## Step 1: Setup and Import Libraries

We begin by importing the required Python libraries:
- `os` for file and directory handling.
- `re` for regular expressions, used in text cleaning.
- `defaultdict` from `collections` for counting trigrams efficiently.

These libraries are standard and require no external installation.


In [None]:
import os
import re
from collections import defaultdict


## Step 2: Define `sanitizeText` Function

### Purpose
This function takes raw text from Project Gutenberg and:
1. Removes the preamble (content before the main text) using the marker `*** START OF THIS PROJECT GUTENBERG EBOOK ***`.
2. Removes the postamble (content after the main text) using the marker `*** END OF THIS PROJECT GUTENBERG EBOOK ***`.
3. Removes unwanted characters, leaving only uppercase letters, spaces, and full stops.
4. Converts the cleaned text to uppercase for consistency.

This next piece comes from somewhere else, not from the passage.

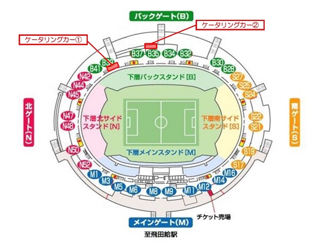 Wenn bis zum Mittag des Tages vor dem Spiel basierend auf Wettervorhersagen und anderen Informationen ein „Regentag“ festgestellt wird, wird die Durchführung der Serviceleistungen auf der Homepage des Ajinomoto Stadiums sowie auf dieser Homepage bekannt gegeben.

### Why is this step important?
Cleaning the text ensures our trigram model is based solely on meaningful characters.


In [None]:
def sanitizeText(text):
    """
    Cleans up a Project Gutenberg text by removing preamble and postamble 
    and unwanted characters, leaving only letters, spaces, and full stops.
    
    Parameters:
    text (str): The raw text from the file.

    Returns:
    str: The cleaned text.
    """
    # Identify preamble and postamble markers
    preamble_marker = "*** START OF THIS PROJECT GUTENBERG EBOOK ***"
    postamble_marker = "*** END OF THIS PROJECT GUTENBERG EBOOK ***"

    # Remove preamble
    preamble_index = text.find(preamble_marker)
    if preamble_index != -1:
        text = text[preamble_index + len(preamble_marker):]

    # Remove postamble
    postamble_index = text.find(postamble_marker)
    if postamble_index != -1:
        text = text[:postamble_index]

    # Remove unwanted characters
    text = re.sub(r'[^A-Za-z. ]', '', text)

    # Convert to uppercase
    text = text.upper()

    return text